2. There is one very important detail not covered in this article that was previously covered in detail. Specifically, the size of the square openings in the lattice structure. The as-built size of the openings was determined by the size of a sailor's heel of his foot.The openings in this article are way too big. It would appear that a man could pass his entire leg through the square opening.

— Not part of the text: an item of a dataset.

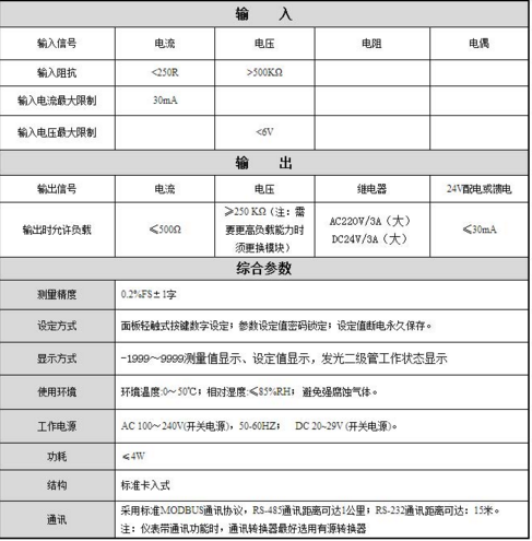 支持RS485、RS232串行接口,采用標(biāo)準(zhǔn)MODBUS RTU通訊協(xié)議 |

The sailors, almost all of them, wore no shoes. If the square holes were too large, the man's foot (most likely his heel) went through the hole and he broke his ankle when he walked on one. This heel-hole size was not an insignificant matter. In point of actual fact, it was a real matter of life and death. The max hole side dimension was about 2 -1/2 to 2 - 1/4 inches; very few heels were larger than this.. Even this size was dangerous to some of the smaller men. The size as built was usually between 2 - 1/4 inches and 2 x 2 inches; or even smaller in the 1400s to 1600s. At 1/48, this 2 1/2 inch size is very convenient because it is 1/6 inch; lots of slitting saw blades are ground to this size. However, the dimension of 1/16 inch per side just looks too big (in addition to being actually too big). On the other hand, if the squares holes were too small, they would severely diminish the airflow to the lower decks; which was a problem as this airflow feature was the reason for having the gratings to begin with.
3. If you reduce the side dimension, this grating technique has great promise. However ( seems like their is always a "however"),
there are other pertinent construction details that produce superior gratings that are not covered above that are covered in the NRJ article. I will leave these details to the assembled readers.